# Source material:

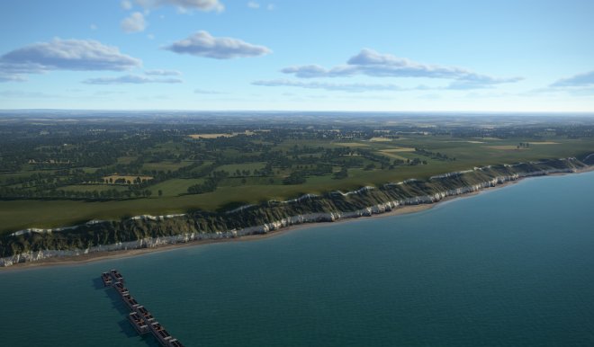 - 107,924 Sq. km map of southern England northwest France with 100 accurately portrayed historical airfields.
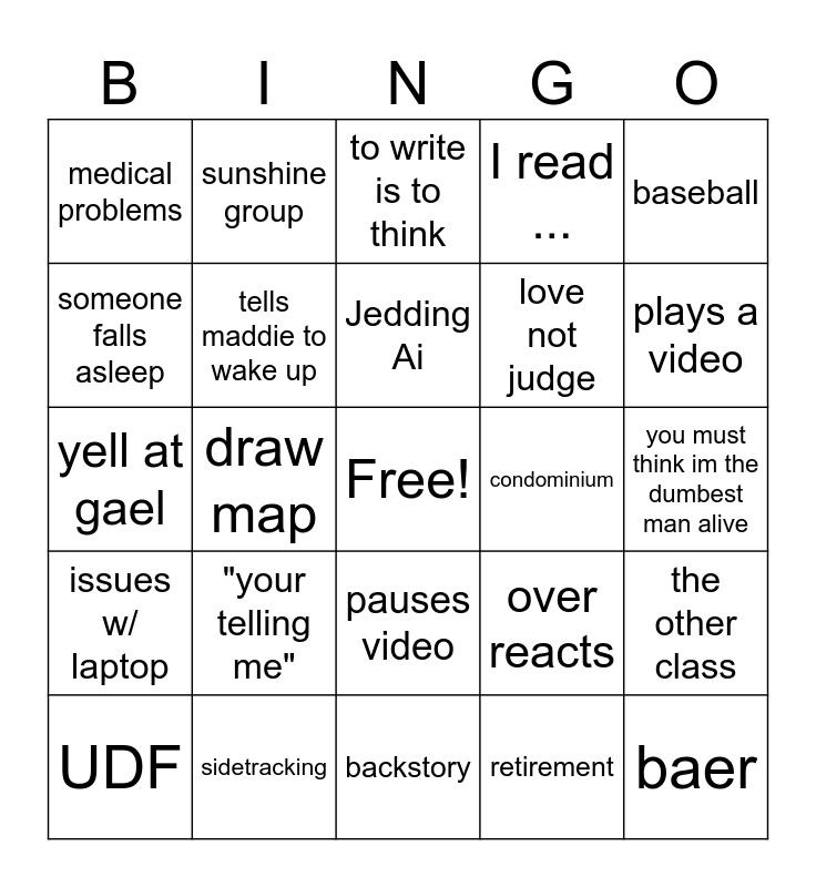 This bingo card has a free space and 24 words: UDF, "your telling me", Jedding Ai, retirement, baseball, medical problems, sunshine group, to write is to think, condominium, you must think im the dumbest man alive, yell at gael, tells maddie to wake up, over reacts, the other class, someone falls asleep, sidetracking, backstory, I read ..., plays a video, issues w/ laptop, draw map, pauses video, love not judge and baer.
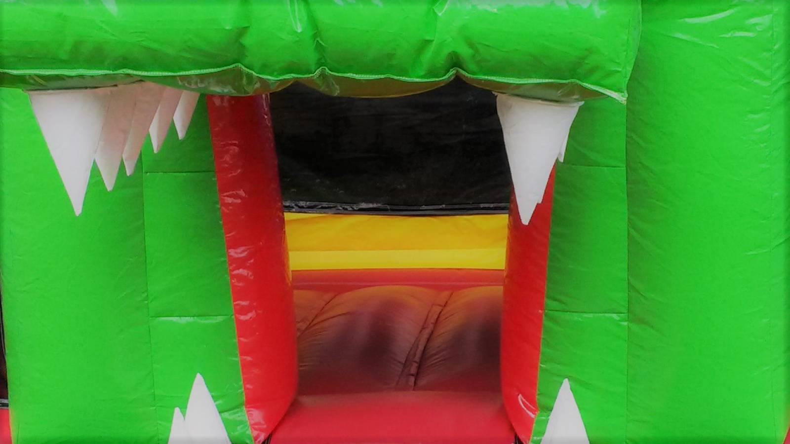 Ce château gonflable en forme de crocodile avec la bouche ouvert correspond totalement a des enfants de 3 a 8 ans. l'entrée se fait par la bouche qui mène ensuite a un espace de jeux coloré et avec des obstacles .

# Requirement:
Write the listing out exactly, apart from its pictures.

# Exercise result:
 - 107,924 Sq. km map of southern England northwest France with 100 accurately portrayed historical airfields.
 This bingo card has a free space and 24 words: UDF, "your telling me", Jedding Ai, retirement, baseball, medical problems, sunshine group, to write is to think, condominium, you must think im the dumbest man alive, yell at gael, tells maddie to wake up, over reacts, the other class, someone falls asleep, sidetracking, backstory, I read ..., plays a video, issues w/ laptop, draw map, pauses video, love not judge and baer.
 Ce château gonflable en forme de crocodile avec la bouche ouvert correspond totalement a des enfants de 3 a 8 ans. l'entrée se fait par la bouche qui mène ensuite a un espace de jeux coloré et avec des obstacles .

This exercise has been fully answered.